No momento daquela revelação, pensou-se que o presidente da Câmara fraquejaria. Se isso ocorreu, não demonstrou. E não se tem mais dúvida de que fará tudo para que qualquer decisão do Conselho de Ética da Câmara sobre as denúncias apresentadas contra ele pelo PSOL e pela Rede só ocorra no ano que vem, na volta do recesso. Eduardo Cunha aspira a escapar pelo esquecimento. Difícil, admita-se.
O presidente do Conselho de Ética, José Carlos Araújo, escolheu ontem para ser relator do processo de Cunha o deputado Fausto Pinato (PRB-SP), liderado de Celso Russomanno, do mesmo partido e estado. Aliás, Pinato entrou na Câmara com sobras de votos de Russomanno.
O relator pode simplesmente propor o arquivamento do caso.
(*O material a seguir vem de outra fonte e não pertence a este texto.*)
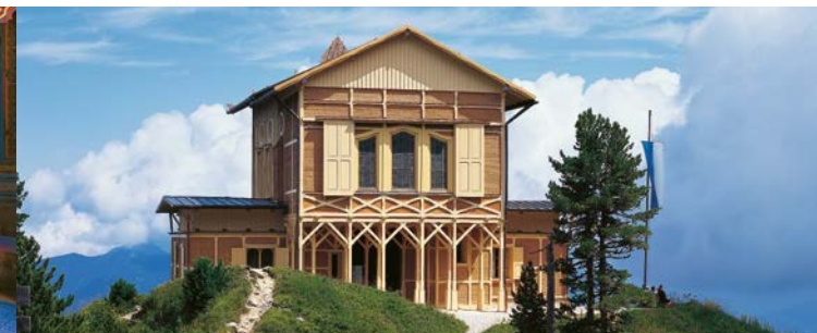
La maison royale de Schachen

C'est dans un site grandiose, à 1800 m d'altitude et avec le massif du Wetterstein en arrière plan, que le roi Louis II fit construire ce petit château. Alors que la façade et l'aménagement intérieur du rez-de-chaussée sont d'apparence modeste, le salon turc du premier étage se distingue par son luxe oriental intégrant une fontaine et des divans. Le roi aimait fêter son anniversaire et son saint patron dans ce pavillon isolé, accessible uniquement à pied à partir d'Elmau, Mittenwald ou Garmisch-Partenkirchen.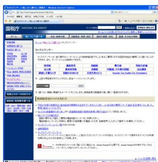
タックスアンサー | 税について調べる | 国税庁 http://www.nta.go.jp/taxanswer/index2.htm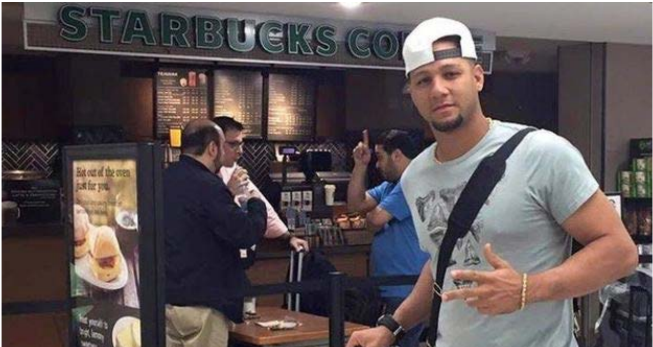
Yulieski Gourriel en el aeropuerto de Miami.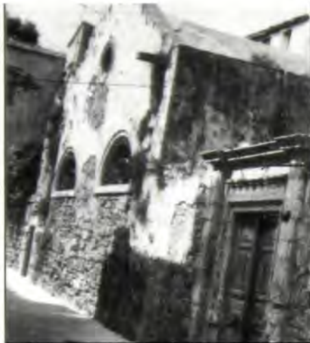
Η Συναγωγή των Χανίων σήμερα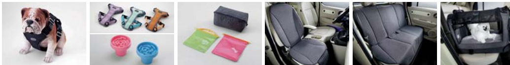
하네스 I (차량용, 소형/중형) 하네스 II (일상생활용, 소형/중형) / 컵홀더토이(1/2열 공용) 멀티 파우치 & 포터용 포켓 (먹이용/배변용) 동승석 방우시트커버(1열) 방우시트커버(2열) PET 히팅 패드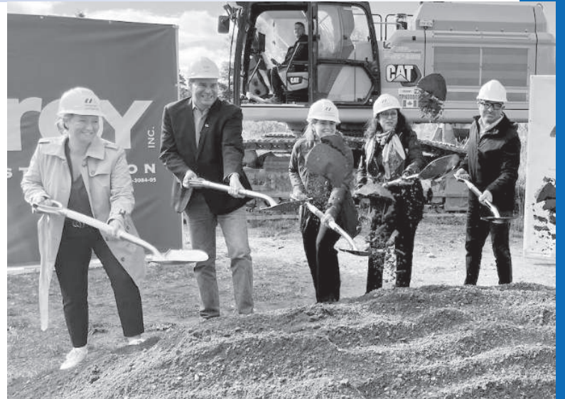
Première pelletée de terre à Rimouski.

Du même coup, cette initiative en provenance d'une fondation privée, à qui la SHQ a donné 235 millions $, nous fait cependant réaliser combien il est scandaleux que les offices d'habitation, qui sont les principaux mandataires de la SHQ depuis 50 ans, doivent dépendre des efforts des autres et ne puissent pas développer eux-mêmes leurs propres logements HLM.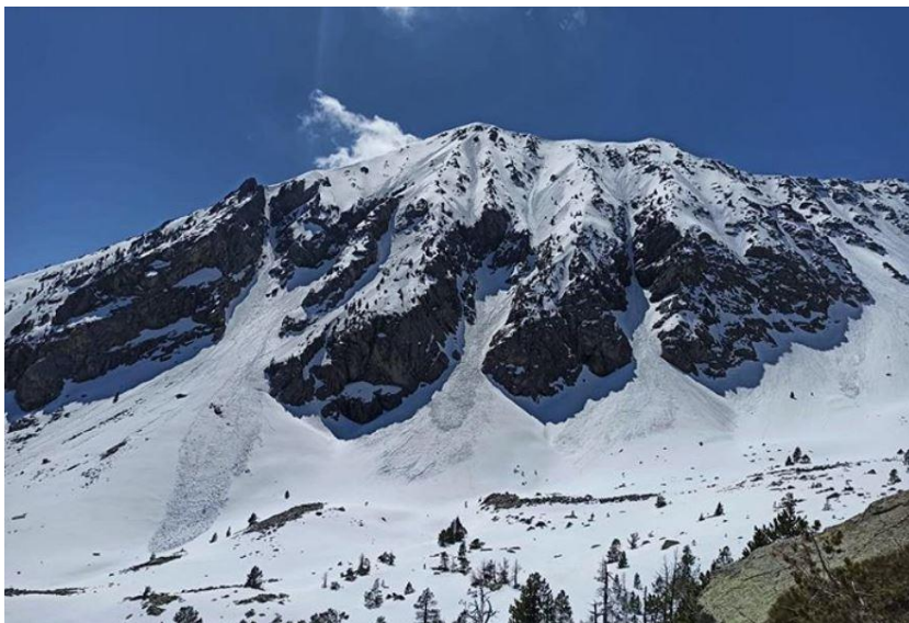
Allaus naturals de neu humida, restes observades el 17 d'abril, al Gra de Fajol (Ter-Freser). L'activitat està associada probablement a la neu recent caiguda el dilluns 13 d'abril.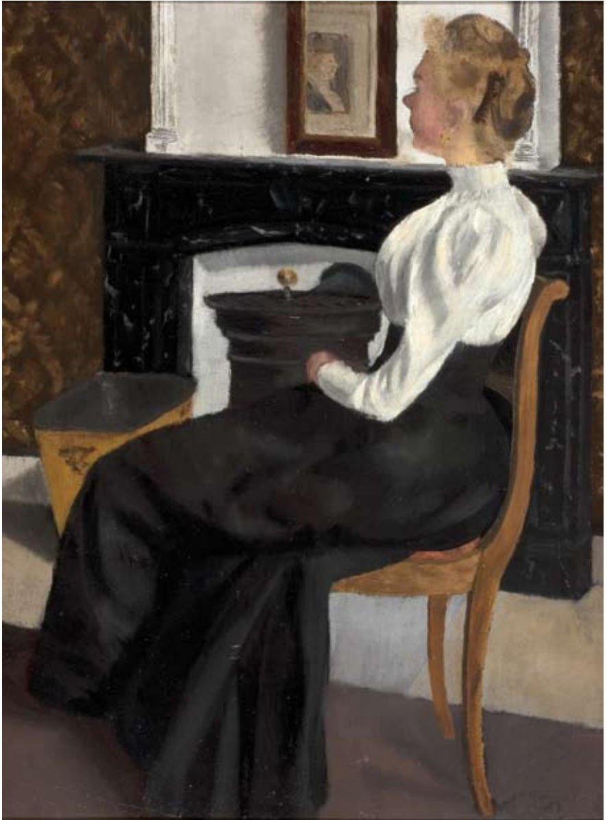
Afb. 6 Zittende vrouw, circa 1898 olieverf op paneel 395 x 285 mm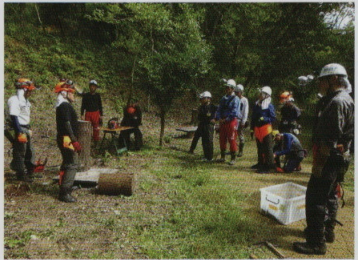
森林ボランティアの養成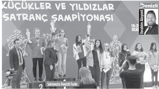
Satrançta Denizli Farkı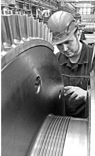
Екатеринбургский завод изготовил две паровые турбины для атомного ледокола «Арктика» и до 2018-го изготовит машины для ледоколов «Урал» и «Сибирь».

В Свердловской области уже реализуются эксклюзивные проекты изготовления оборудования, машин и материалов в северном исполнении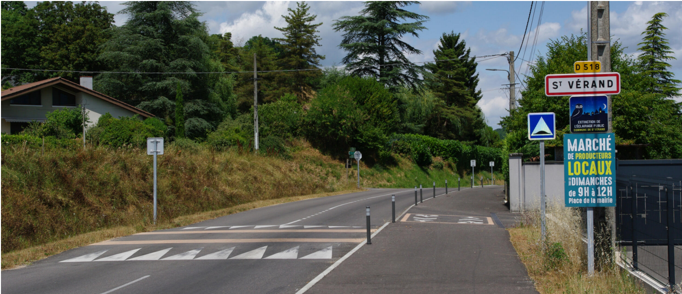
Découvrir la commune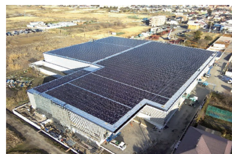
図2 植物工場の屋根置き型メガソーラー 菱電商事株式会社様 （ブロックファーム合同会社様）2022年2月竣工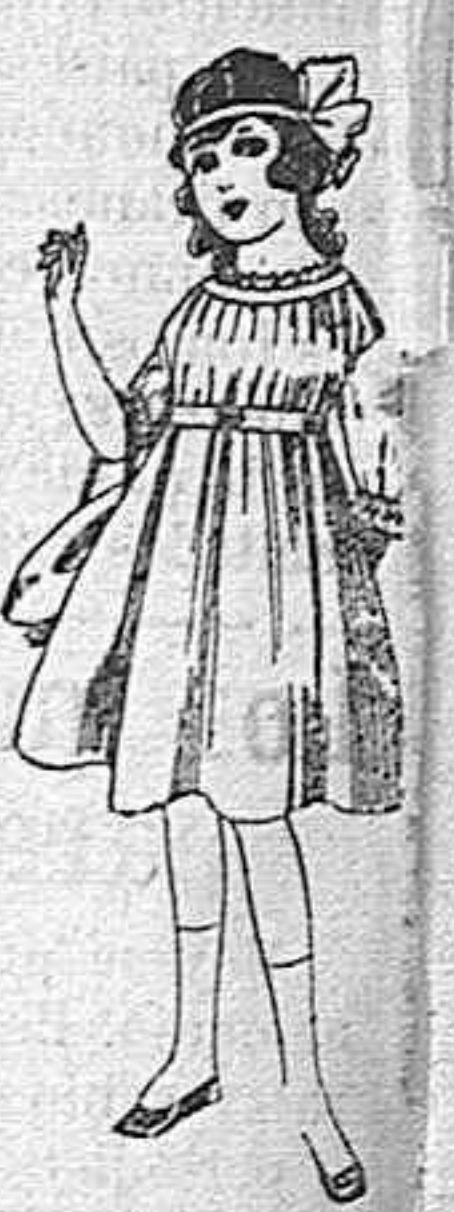
Vestidos de lana azul, para niñas de 4 á 9 años De pesetas 22 á 25 Los mismos en voile. De pesetas 10 á 17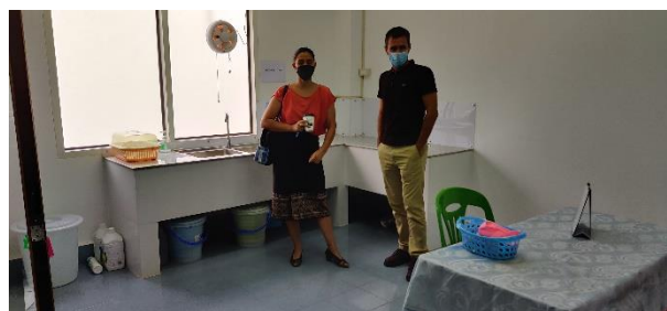
Visite de la faculté des sciences infirmières

L'appui pour l'enseignement pratique au sein des salles de travaux pratiques (TP) a été en discussion avec les directions durant l'année 2022. Une évaluation de l'enseignement au sein des salles de TP sera menée en 2023 afin d'observer les pratiques et proposer des améliorations et des remises à niveau si besoin.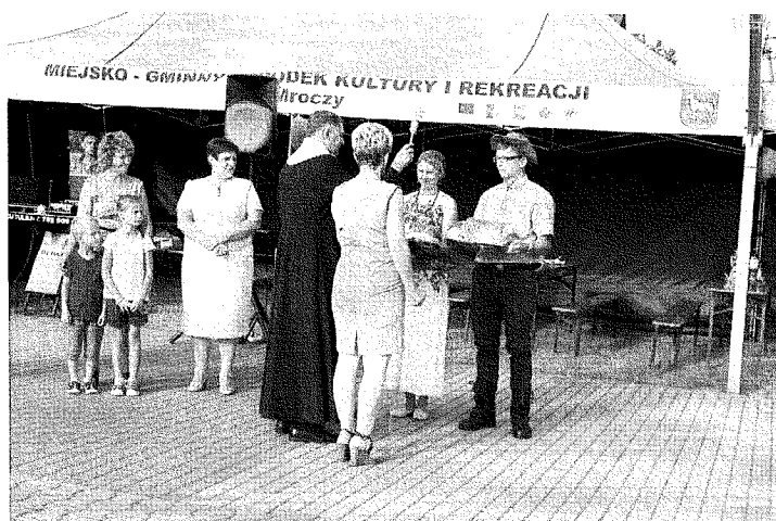
Fot. 13, 14 – Dożynki sołectwa Matyldzin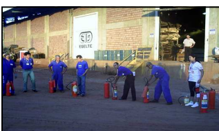
Atenção total nas instruções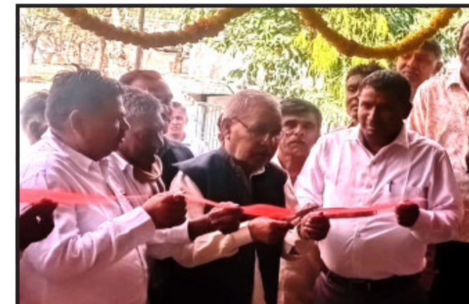
વીરપુર, જમાલપુર દૂધ મંડળીના નવીન મકાન માટે પશુપાલન દૂધધર યોજના હેઠળ રૂ.૫,૦૦,૦૦૦ લાખ જેટલી માતબર રકમની મંજૂરી હેઠળ નવીન મકાનનું બોધકામ કરવામાં આવ્યું. તેના ઉદ્ઘાટન નિમિત્તે ૧૨૧ બાલાસિનોર વિધાનસભાના ધારાસભ્ય માલસિંહજી ચૌહાણની ઉપસ્થિતિમાં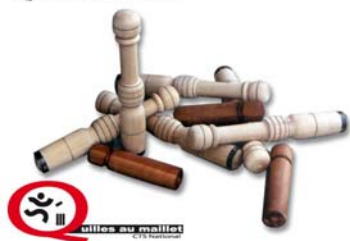
Quilles au Maillet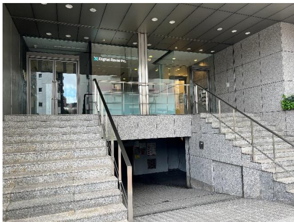
ビル1階向かって左ドアが弊社専用エントランス

Garante-se que Pinato não tomará esta decisão. Há especulações, ainda, sobre o risco de um ato impopular do relator — pró-Cunha, portanto — atingir seu padrinho Russomanno, mais uma vez candidato à prefeitura de São Paulo.
O presidente da Câmara já provou que não tem limites. Configura-se um quadro ruim, em que uma certa catatonia do Planalto diante do mau momento do país e do governo se soma ao travamento da Câmara, sob as rédeas de Cunha, para tratar de projetos-chave no enfrentamento da crise econômica.
Na quarta, afinal a Comissão de Constituição e Justiça da Câmara aprovou a emenda constitucional que prorroga a DRU (Desvinculação de Recursos da União) até 2023, com a desvinculação de 30% do Orçamento, em vez dos 20% da que expira agora. Como é emenda, há um longo rito até ela ser aprovada em dois turnos no Senado. E quanto mais rapidamente isso ocorrer, melhor para o ajuste fiscal. Mas tudo fica na dependência do plano de Cunha de se agarrar no posto, apesar de todas as provas contra ele. Salvo alguma interferência do Ministério Público ou do Supremo.